Dave Scully
- Born: David Scully 7 August 1965 (age 60) Doncaster, England
- Height: 5 ft 8 in (1.73 m)
- Weight: 76 kg (168 lb)

Rugby union career
- Position: Scrum-half
- Current team: Wheatley Hills RUFC

Senior career
- Years: Team / Apps / (Points)
- Wakefield
- –: Rotherham
- –: Otley
- –: Doncaster
- –: Sheffield Tigers

National sevens team
- Years: Team /  / Comps
- 1993: England /  / 1993 WC 7s

= Dave Scully =

England international rugby union player

David Scully (born 7 August 1965) is an English rugby union former player who was part of the England 7's squad that won the 1993 Rugby World Cup Sevens in which he won the ‘moment of the tournament' for a crunching tackle on Fijian Mesake Rasari.

==Playing career==
Dave Scully started his career at his local club of Wheatley Hills before joining Wakefield RFC in 1986.
It was at Wakefield that he came to prominence, playing for Yorkshire, North of England (captaining them against the All Blacks in 1993), Barbarians, England B and England 7's.
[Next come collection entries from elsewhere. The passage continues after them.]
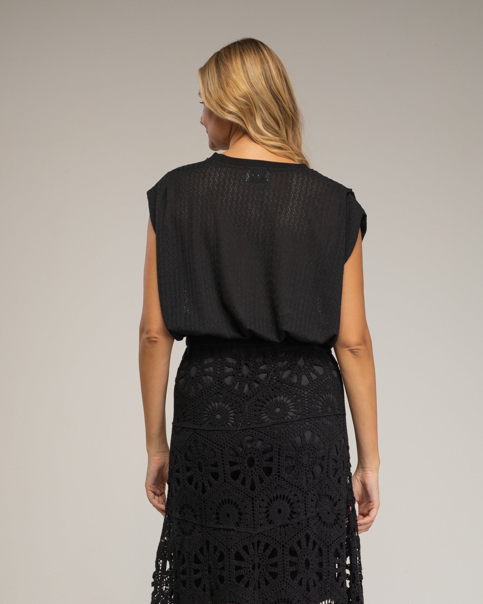 Top de punto calado sin mangas con pliegues en el hombro y elástico en la cintura.
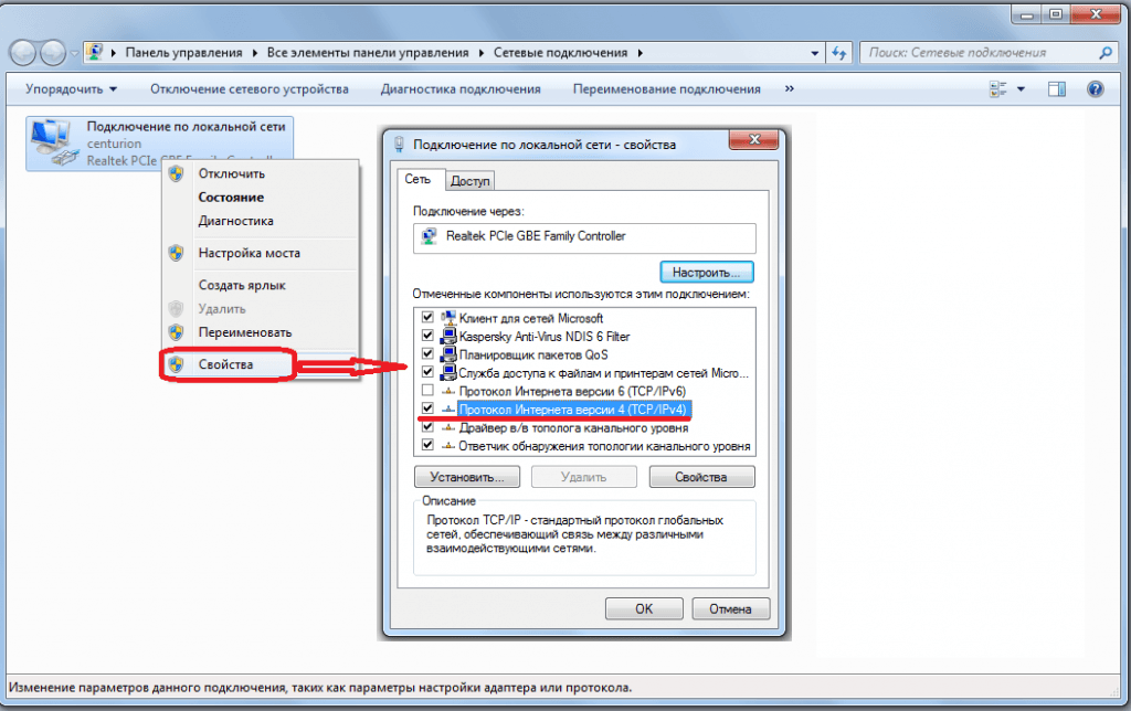 Откроется окно «Свойства подключения по локальной сети». Здесь нужно выбрать компонент «Протокол Интернета версии 4(TCP/IPv4)» и кликнуть на нем дважды.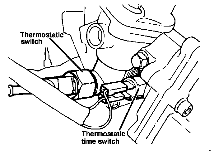 The thermostatic switch, Fig. 27, is closed at temperatures below 113°F (45°C). If the temperature rises above this, the switch won't close until the temperature drops to 100°F (38°C). The thermostatic switch is connected in series with the thermo-time switch. Therefore, the cold start valve or terminal TKK of the time relay cannot be grounded at temperatures above 113°F (45°C).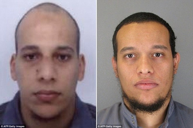 | Cảnh sát đã nhanh chóng xác định danh tính 3 hung thủ của vụ xả súng kinh hoàng dựa vào thẻ căn cước mà một tên trong số chúng bỏ quên trên ôtô. Chúng gồm 2 anh em ruột Said Kouachi, 34 tuổi, Cherif Kouachi, 32 tuổi và Hamyd Moura, 18 tuổi. Tên Hamyd đã đầu thú trước cảnh sát chỉ vài tiếng sau vụ tấn công. Ngay lập tức, Pháp điều động khoảng 88.000 nhân viên an ninh, máy bay trực thăng cùng xe bọc thép để truy lùng tung tích những kẻ cực đoan còn lại tại một khu rừng ở vùng quê Aisne, phía đông bắc thủ đô Paris. Ảnh: AFP |

However, he never played for the full England side.

He left Wakefield in 1998 to join Rotherham before moving onto Otley, then Doncaster and Sheffield Tigers. His current club is Wheatley Hills.

He has made over 350 league appearances and is in a small group of players to score 100 league tries.

Scully is a full-time fire fighter.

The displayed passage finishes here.